Basically: fear of government debt is what holds down animal spirits. The certainty of lower rates what drives consumer spending.
Imagine if Sunak took the same approach now.
"What is your plan for increasing aggregate demand?"
"I think that "credible fiscal consolidation plan will have a positive impact through greater certainty and confidence about the future"".
Ending furlough boosts confidence?!?
&don't come back with "but rates are low now, we can take risks". WE THOUGHT THEY WERE LOW IN 2009. Osborne did too - but "The luxury of waiting for monetary conditions to tighten before embarking on fiscal tightening may not be one that we are afforded"

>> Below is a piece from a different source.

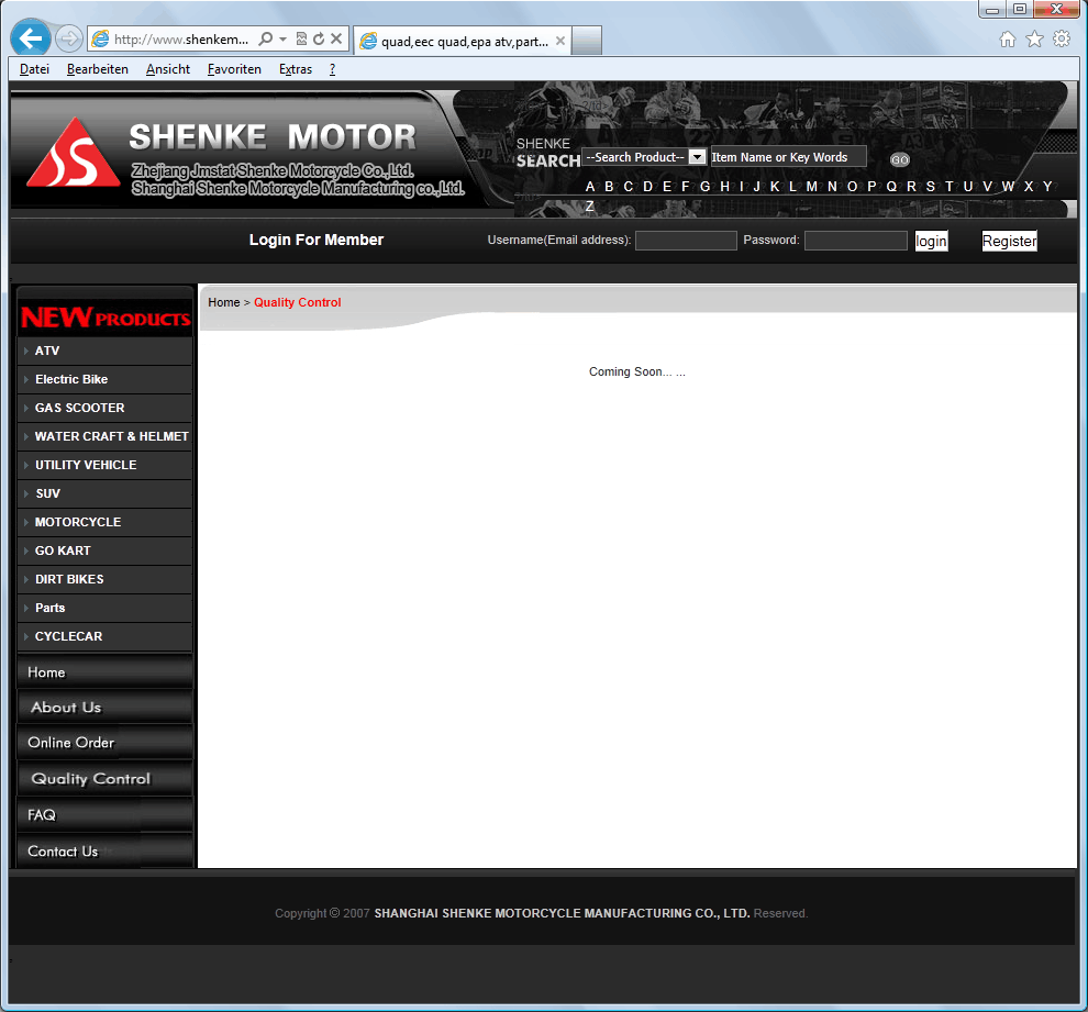 Dann kuck mal unter diesem Link, was Du siehst. Das hat mit Wartung nichts zu tun, die Seite wurde wohl schlicht noch nicht erstellt. Und bei einem bin ich ÜBERHAUPT NICHT tolerant: Wenn ich für viel Geld ein Fahrzeug kaufe ERWARTE ich, dass zumindest eine gescheite Endkontrolle schon beim Hersteller durchgeführt wurde, "Quality Control" eben, und wenn ein so großer Laden wie Shenke nur ein "coming soon..." für das Thema übrig hat macht mich das doch sehr nachdenklich.Elbkieker hat geschrieben:Ich dachte eigentlich, dass wir toleranter sind als die Mainstreamer....Schade dem ist nicht so!!!! Bei mir funktioniert die Seite einwandfrei und wenn mal Wartungsarbeiten ausgeführt werden sollten, dann passiert das auch bei deutschen Seiten. Siehe http://elektro-mobil-center.com/about.html ganz unten. Ihr enttäuscht mich...

There were still reasonable arguments for starting on fiscal consolidation in 2010. A deficit of 11%; still potent monetary policy; that spending was at a high water mark; but I though 50:50 tax and spend, measures like that socialist Ken Clarke in 1993-7.
I also think "We need a program of supply side reform that is no less urgent or radical than the reforms of the 1980s and 1990s" dates badly - AFAIK, there as nothing LIKE the 1980s plans to put forward.
What - the Red Tape Challenge? Even more entrepreneurial tax reliefs?
The best part of the speech was the setting up of the OBR, and the the criticisms of the previous financial regulatory architecture. But the descent from Lawson 84 is quite something, on the whole.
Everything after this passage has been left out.